TASK TO COMPLETE: Any picture in the listing is left out of the copy; all else is duplicated exactly.

DATA SECTION:
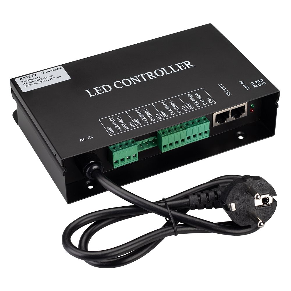 Характеристики - Контроллер HX-SPI-DMX-SL-4P (4096 pix, 220V, TCP/IP, add, ArtNet) (Arlight, IP20 Металл, 2 года)
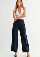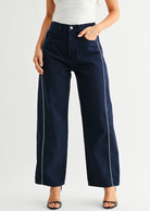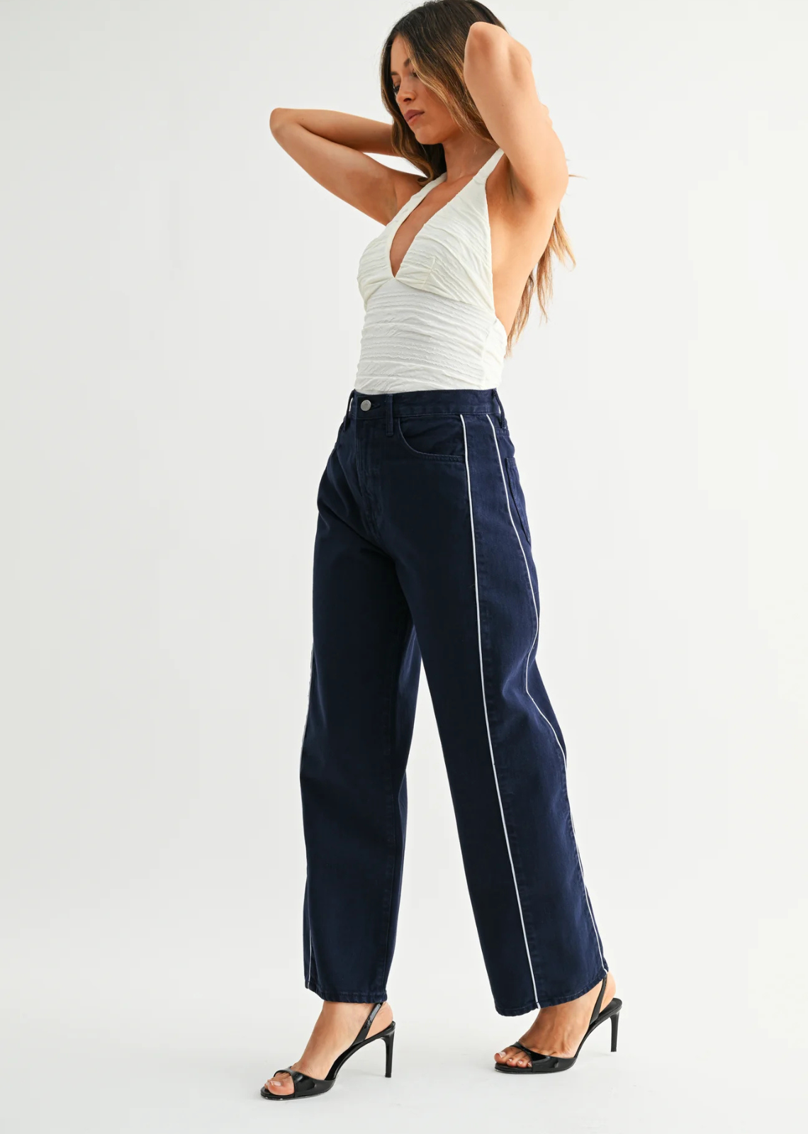 These jeans showcase a trendy barrel silhouette that’s designed to turn heads while providing a flattering fit. Made from high-quality non-stretch denim, they offer a structured feel that enhances your shape and gives you all-day comfort. The distinctive twist detail adds a fun and unique touch, making these jeans a standout choice for any outfit.
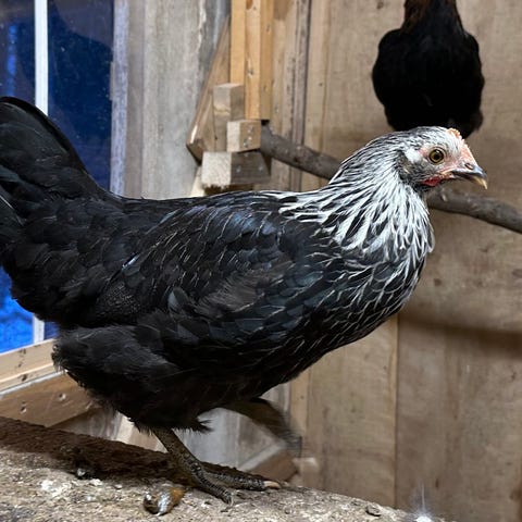En grupp höns med olika fjäderfärger inklusive brun, röd och vit. Används för äggproduktion och som husdjur köpes

RESPONSE TO THE TASK:
 Характеристики - Контроллер HX-SPI-DMX-SL-4P (4096 pix, 220V, TCP/IP, add, ArtNet) (Arlight, IP20 Металл, 2 года)
 These jeans showcase a trendy barrel silhouette that’s designed to turn heads while providing a flattering fit. Made from high-quality non-stretch denim, they offer a structured feel that enhances your shape and gives you all-day comfort. The distinctive twist detail adds a fun and unique touch, making these jeans a standout choice for any outfit.
En grupp höns med olika fjäderfärger inklusive brun, röd och vit. Används för äggproduktion och som husdjur köpes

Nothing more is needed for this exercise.